(Goal of the exercise)
Transcribe the records below exactly as they appear.

(Source data)
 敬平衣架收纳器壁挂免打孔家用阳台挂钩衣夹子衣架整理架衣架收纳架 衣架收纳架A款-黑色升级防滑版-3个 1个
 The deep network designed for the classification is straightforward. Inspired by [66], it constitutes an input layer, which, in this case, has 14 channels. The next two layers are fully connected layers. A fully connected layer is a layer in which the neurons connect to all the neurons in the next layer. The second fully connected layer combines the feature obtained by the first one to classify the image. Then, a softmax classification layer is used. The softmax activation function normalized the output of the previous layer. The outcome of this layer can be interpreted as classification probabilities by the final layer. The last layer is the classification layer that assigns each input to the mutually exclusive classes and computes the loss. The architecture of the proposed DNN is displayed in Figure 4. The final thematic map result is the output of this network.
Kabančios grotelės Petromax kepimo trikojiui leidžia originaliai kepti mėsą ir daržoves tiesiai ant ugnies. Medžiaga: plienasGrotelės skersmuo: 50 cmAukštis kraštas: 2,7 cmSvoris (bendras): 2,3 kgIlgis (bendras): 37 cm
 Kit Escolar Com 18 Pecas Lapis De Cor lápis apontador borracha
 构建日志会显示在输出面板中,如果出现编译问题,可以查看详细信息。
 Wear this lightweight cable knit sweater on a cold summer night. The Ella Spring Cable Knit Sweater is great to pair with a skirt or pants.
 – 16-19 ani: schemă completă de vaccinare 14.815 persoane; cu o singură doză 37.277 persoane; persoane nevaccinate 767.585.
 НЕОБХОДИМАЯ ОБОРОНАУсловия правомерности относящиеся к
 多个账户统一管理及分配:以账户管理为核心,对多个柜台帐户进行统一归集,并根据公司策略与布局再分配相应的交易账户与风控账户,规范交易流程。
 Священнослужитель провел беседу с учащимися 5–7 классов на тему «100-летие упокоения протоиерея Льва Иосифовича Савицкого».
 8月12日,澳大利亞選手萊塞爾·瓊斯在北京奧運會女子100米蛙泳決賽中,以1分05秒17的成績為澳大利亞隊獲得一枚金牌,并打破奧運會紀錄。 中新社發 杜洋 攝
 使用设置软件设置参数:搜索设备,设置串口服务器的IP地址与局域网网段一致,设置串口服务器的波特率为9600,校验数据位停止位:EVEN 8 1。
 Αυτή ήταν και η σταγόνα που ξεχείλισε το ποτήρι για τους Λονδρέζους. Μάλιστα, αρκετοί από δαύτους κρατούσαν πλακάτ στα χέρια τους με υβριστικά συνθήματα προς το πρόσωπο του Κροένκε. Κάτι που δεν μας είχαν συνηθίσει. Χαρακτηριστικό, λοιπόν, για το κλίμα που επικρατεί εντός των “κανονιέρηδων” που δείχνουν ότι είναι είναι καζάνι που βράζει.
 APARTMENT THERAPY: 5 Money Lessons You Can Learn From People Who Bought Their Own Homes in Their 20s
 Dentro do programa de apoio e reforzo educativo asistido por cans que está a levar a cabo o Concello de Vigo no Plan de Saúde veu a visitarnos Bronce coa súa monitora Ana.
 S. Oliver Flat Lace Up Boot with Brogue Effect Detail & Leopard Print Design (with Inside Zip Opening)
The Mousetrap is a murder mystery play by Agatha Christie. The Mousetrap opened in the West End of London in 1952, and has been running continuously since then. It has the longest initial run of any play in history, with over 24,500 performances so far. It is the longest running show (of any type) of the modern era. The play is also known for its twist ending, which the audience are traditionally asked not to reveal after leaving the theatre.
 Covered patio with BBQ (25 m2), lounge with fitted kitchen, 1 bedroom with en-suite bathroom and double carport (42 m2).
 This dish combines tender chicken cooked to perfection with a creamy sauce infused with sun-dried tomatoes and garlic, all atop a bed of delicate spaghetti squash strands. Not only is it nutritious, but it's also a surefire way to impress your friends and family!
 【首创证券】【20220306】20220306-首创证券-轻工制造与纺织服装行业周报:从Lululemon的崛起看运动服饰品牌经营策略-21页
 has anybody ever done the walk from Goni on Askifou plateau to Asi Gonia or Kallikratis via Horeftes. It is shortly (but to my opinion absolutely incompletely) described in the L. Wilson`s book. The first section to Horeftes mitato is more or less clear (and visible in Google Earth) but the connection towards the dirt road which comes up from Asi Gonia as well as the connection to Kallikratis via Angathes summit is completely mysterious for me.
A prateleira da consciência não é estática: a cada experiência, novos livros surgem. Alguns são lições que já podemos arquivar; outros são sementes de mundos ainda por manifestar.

(Answer area)
 敬平衣架收纳器壁挂免打孔家用阳台挂钩衣夹子衣架整理架衣架收纳架 衣架收纳架A款-黑色升级防滑版-3个 1个
 The deep network designed for the classification is straightforward. Inspired by [66], it constitutes an input layer, which, in this case, has 14 channels. The next two layers are fully connected layers. A fully connected layer is a layer in which the neurons connect to all the neurons in the next layer. The second fully connected layer combines the feature obtained by the first one to classify the image. Then, a softmax classification layer is used. The softmax activation function normalized the output of the previous layer. The outcome of this layer can be interpreted as classification probabilities by the final layer. The last layer is the classification layer that assigns each input to the mutually exclusive classes and computes the loss. The architecture of the proposed DNN is displayed in Figure 4. The final thematic map result is the output of this network.
Kabančios grotelės Petromax kepimo trikojiui leidžia originaliai kepti mėsą ir daržoves tiesiai ant ugnies. Medžiaga: plienasGrotelės skersmuo: 50 cmAukštis kraštas: 2,7 cmSvoris (bendras): 2,3 kgIlgis (bendras): 37 cm
 Kit Escolar Com 18 Pecas Lapis De Cor lápis apontador borracha
 构建日志会显示在输出面板中,如果出现编译问题,可以查看详细信息。
 Wear this lightweight cable knit sweater on a cold summer night. The Ella Spring Cable Knit Sweater is great to pair with a skirt or pants.
 – 16-19 ani: schemă completă de vaccinare 14.815 persoane; cu o singură doză 37.277 persoane; persoane nevaccinate 767.585.
 НЕОБХОДИМАЯ ОБОРОНАУсловия правомерности относящиеся к
 多个账户统一管理及分配:以账户管理为核心,对多个柜台帐户进行统一归集,并根据公司策略与布局再分配相应的交易账户与风控账户,规范交易流程。
 Священнослужитель провел беседу с учащимися 5–7 классов на тему «100-летие упокоения протоиерея Льва Иосифовича Савицкого».
 8月12日,澳大利亞選手萊塞爾·瓊斯在北京奧運會女子100米蛙泳決賽中,以1分05秒17的成績為澳大利亞隊獲得一枚金牌,并打破奧運會紀錄。 中新社發 杜洋 攝
 使用设置软件设置参数:搜索设备,设置串口服务器的IP地址与局域网网段一致,设置串口服务器的波特率为9600,校验数据位停止位:EVEN 8 1。
 Αυτή ήταν και η σταγόνα που ξεχείλισε το ποτήρι για τους Λονδρέζους. Μάλιστα, αρκετοί από δαύτους κρατούσαν πλακάτ στα χέρια τους με υβριστικά συνθήματα προς το πρόσωπο του Κροένκε. Κάτι που δεν μας είχαν συνηθίσει. Χαρακτηριστικό, λοιπόν, για το κλίμα που επικρατεί εντός των “κανονιέρηδων” που δείχνουν ότι είναι είναι καζάνι που βράζει.
 APARTMENT THERAPY: 5 Money Lessons You Can Learn From People Who Bought Their Own Homes in Their 20s
 Dentro do programa de apoio e reforzo educativo asistido por cans que está a levar a cabo o Concello de Vigo no Plan de Saúde veu a visitarnos Bronce coa súa monitora Ana.
 S. Oliver Flat Lace Up Boot with Brogue Effect Detail & Leopard Print Design (with Inside Zip Opening)
The Mousetrap is a murder mystery play by Agatha Christie. The Mousetrap opened in the West End of London in 1952, and has been running continuously since then. It has the longest initial run of any play in history, with over 24,500 performances so far. It is the longest running show (of any type) of the modern era. The play is also known for its twist ending, which the audience are traditionally asked not to reveal after leaving the theatre.
 Covered patio with BBQ (25 m2), lounge with fitted kitchen, 1 bedroom with en-suite bathroom and double carport (42 m2).
 This dish combines tender chicken cooked to perfection with a creamy sauce infused with sun-dried tomatoes and garlic, all atop a bed of delicate spaghetti squash strands. Not only is it nutritious, but it's also a surefire way to impress your friends and family!
 【首创证券】【20220306】20220306-首创证券-轻工制造与纺织服装行业周报:从Lululemon的崛起看运动服饰品牌经营策略-21页
 has anybody ever done the walk from Goni on Askifou plateau to Asi Gonia or Kallikratis via Horeftes. It is shortly (but to my opinion absolutely incompletely) described in the L. Wilson`s book. The first section to Horeftes mitato is more or less clear (and visible in Google Earth) but the connection towards the dirt road which comes up from Asi Gonia as well as the connection to Kallikratis via Angathes summit is completely mysterious for me.
A prateleira da consciência não é estática: a cada experiência, novos livros surgem. Alguns são lições que já podemos arquivar; outros são sementes de mundos ainda por manifestar.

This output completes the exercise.